# 2014 2.0TD LUZ Oil pump replacment



## BDCCruze (Jul 12, 2017)

OIL PUMP REPLACEMENT
Removal Procedure
1. Remove the timing belt.
2. Remove the crankshaft sprocket.
3. Remove the oil pan.
4. Disconnect the oil flow control solenoid valve electrical connector.
5. Remove the 5 short oil pump bolts and the 2 long oil pump bolts.
6. Remove the oil pump and the oil pump gasket from the engine block.


----------



## MP81 (Jul 20, 2015)

Perhaps I misunderstood the initial post...was the question asked if you could remove the oil pump...without removing the oil pan?


----------



## Yachtinspector (Apr 16, 2021)

MP81 said:


> Perhaps I misunderstood the initial post...was the question asked if you could remove the oil pump...without removing the oil pan?


Perhaps I was not clear in my original question. Has anyone replace the oil pump without removing the oil pan (sump)?


----------



## MP81 (Jul 20, 2015)

Yachtinspector said:


> Perhaps I was not clear in my original question. Has anyone replace the oil pump without removing the oil pan (sump)?


Okay, that's what I was thinking, but wanted to check.

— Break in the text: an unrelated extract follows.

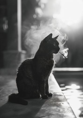 Plakat z serii wnętrza zatytułowany Kocia Przerwa. Na tym plakacie uwieczniono czarnego kota siedzącego na krawędzi, zanurzonego w promieniach rozproszonego światła, które podkreślają jego błyszczącą sierść i wyraziste kontury. Kocie wąsy delikatnie zarysowane w kontraście ze światłem nadają mu wyrazistości, a unoszący się dym tworzy aurę tajemniczości. Jest to plakat zarówno elegancki, jak i zagadkowy, idealny dla miłośników zwierząt i minimalistycznego designu. Plakat ten będzie pasował do każdego wnętrza, od klasycznego po nowoczesne, dodając subtelnego charakteru i spokoju.

Yeah, I think that would be impossible, since the oil pump sits down in the oil pan's sump.


----------



## JLL (Sep 12, 2017)

Yachtinspector said:


> Question - 2014 2.0TD LUZ... Has anyone has ever replaced the oil pump without removing the sump? According to the manual, sump removal is required. Ive got a crank seal leak and considering I have 151K on it and the pump / pickup seal is most likely original, may as well replace the pump while Im in there. Has anyone done this yet? Posted in the FB talk groups but have received no response. Any help will be appreciated, thanks in advance.


No


----------